Here, the flexibility of the definition of the $\mathrm{AGM}$ comes into play. Due to the choice of a suitable presentation of the numbers we can guarantee that $r$ isn’t too big. If we have $r\leq \sqrt{10}$ which is equivalent to $\sqrt{10}b\geq a \geq b$ we calculate $\mathrm{AGM}(A,B)$ as above. If $a>\sqrt{10}b$, we change the presentation of the number:

\begin{align*}B=b \cdot 10^y = (10b)\cdot 10^{y-1}=:b’ \cdot 10^{y-1} \end{align*}
and continue from there.

So, let’s redefine the $\mathrm{AGM}$ for $10>a\geq b\geq 1$ like this:

$\mathrm{AGM}(A,B)=\begin{cases} \mathrm{AM}(a,b)\cdot 10^{\mathrm{AM}(x,y)}, & \sqrt{10}b\geq a,\\ \mathrm{AM}(10b,a)\cdot 10^{\mathrm{AM}(x,y-1)}, & \text{otherwise}. \end{cases}$

Note, that in the second case we have $\sqrt{10}a>10b>a$, so that the roles of the pair $(a,b)$ are taken over by the pair $(10b,a)$. Setting $r=10b/a$ in the second case, we have in both cases $1\leq r\leq \sqrt{10}$, so we only have to study $R(r)$ in the interval $[1,\sqrt{10}]$, which will turn out to be rather benign.

Note also, that this new $\mathrm{AGM}$ can still be calculated without a calculator when using the approximation $\sqrt{10}\approx 3$, as Colin Beveridge suggested in Peter’s post.

In the example above with $A=999$ and $B=1000$ we write $B=10\cdot 10^2$ and find with this new definition of the $\mathrm{AGM}$:

\begin{align*}\mathrm{AGM}(999;1000)=\mathrm{AM}(9.99;10) \cdot 10^{\mathrm{AM}(2;2)}=999.5, \end{align*}

This coincides with the arithmetic mean of the two numbers and is really close to the geometric mean. This is looking promising.

If we define the $\mathrm{AGM}$ of two numbers $A$ and $B$ in the way explained above, we get the following two inequalities:

\begin{align*} (I) \quad & \mathrm{GM}(A,B)\leq \mathrm{AGM}(A,B) \leq \mathrm{GM}(A,B) \cdot 1.2 \\ (II) \quad & \mathrm{GM}(A,B) \leq \mathrm{AGM}(A,B) \leq \mathrm{AM}(A,B) \end{align*}Both inequalities together mean that not a lot can go wrong when using the $\mathrm{AGM}$ with the appropriate presentation of the numbers: The $\mathrm{AGM}$ is bigger than the $\mathrm{GM}$, but exceeds it by maximally 20%, and it is always smaller than the $\mathrm{AM}$.

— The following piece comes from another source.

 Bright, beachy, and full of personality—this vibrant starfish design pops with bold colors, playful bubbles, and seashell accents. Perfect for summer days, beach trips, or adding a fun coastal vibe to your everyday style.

As a consequence, the $\mathrm{AGM}$ will always be between $A$ and $B$. So it is indeed a “mean” of some kind.

A proof of these two inequalities

(I) We only have to find the maximum of $R=\mathrm{AGM}/\mathrm{GM}$. Due to the discussion above we can assume that $\sqrt{10}b\geq a \geq b$, but $a$ can now be bigger than 10. The latter is not a problem though.

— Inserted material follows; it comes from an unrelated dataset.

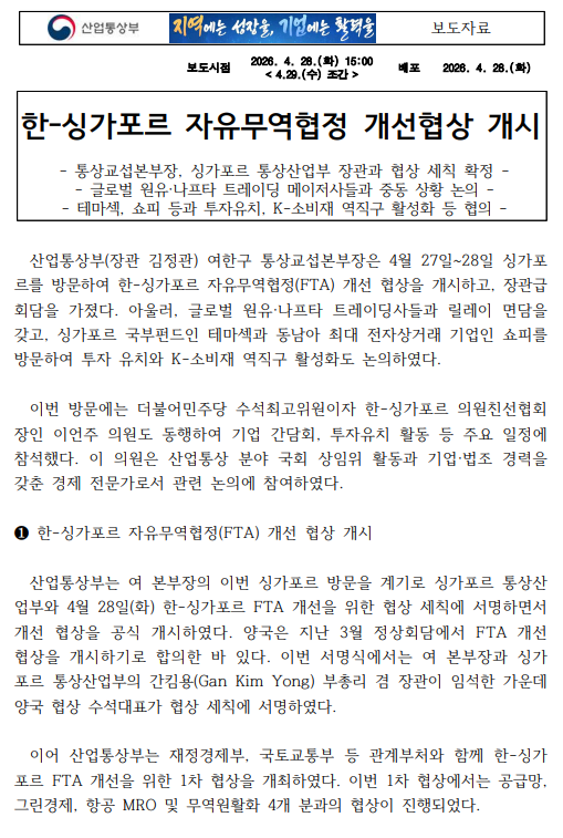 - 042829조간, 28일화 15시엠바고통상협정이행과, 한-싱가포르 자유무역협정 개선협상 개시.pdf (121.3K) 0회 다운로드 | DATE : 2026-04-29 10:13:00

The maximum of $R=\mathrm{AGM}(A,B)/\mathrm{GM}(A,B)=\mathrm{AM}(a,b)/\mathrm{GM}(a,b)$ is attained when $a$ and $b$ are maximally apart, i.e. $r=\sqrt{10}$, so
$\max\left(\frac{\mathrm{AGM}(A,B)}{\mathrm{GM}(A,B)}\right)=\frac12 \cdot (10^{1/4}+{10^{-1/4}}) \approx 1.2.$

(II) We will show that $\mathrm{AGM}(A,B)/\mathrm{AM}(A,B) \leq 1$. Let’s drop the assumption that $a\geq b$. Instead we assume, again without loss of generality, that $x\geq y$, so that we can set $z=:x-y \geq 0$. For the ratio $r=a/b$ we have $\sqrt{10} \geq r \geq 1/\sqrt{10}$. If $r$ fell outside this interval, we would have had to change the presentation of one of the numbers before calculating the $\mathrm{AGM}$. Dividing the numerator and denominator in the above inequality by $B$ we get:
$\frac{\mathrm{AGM}(A,B)}{\mathrm{AM}(A,B)}=\frac{(1+r) \cdot 10^{z/2}} {1+r \cdot 10^z}.$

So we look for an upper bound of the function $f_z(r):=\frac{(1+r) \cdot 10^{z/2}} {1+r \cdot 10^z}$ when varying $z$ and $r$ and want to show that this upper bound is smaller or equal to 1. Note, that we only have to check for integer $z\geq 0$ (The result is actually false if we allow any real $z$).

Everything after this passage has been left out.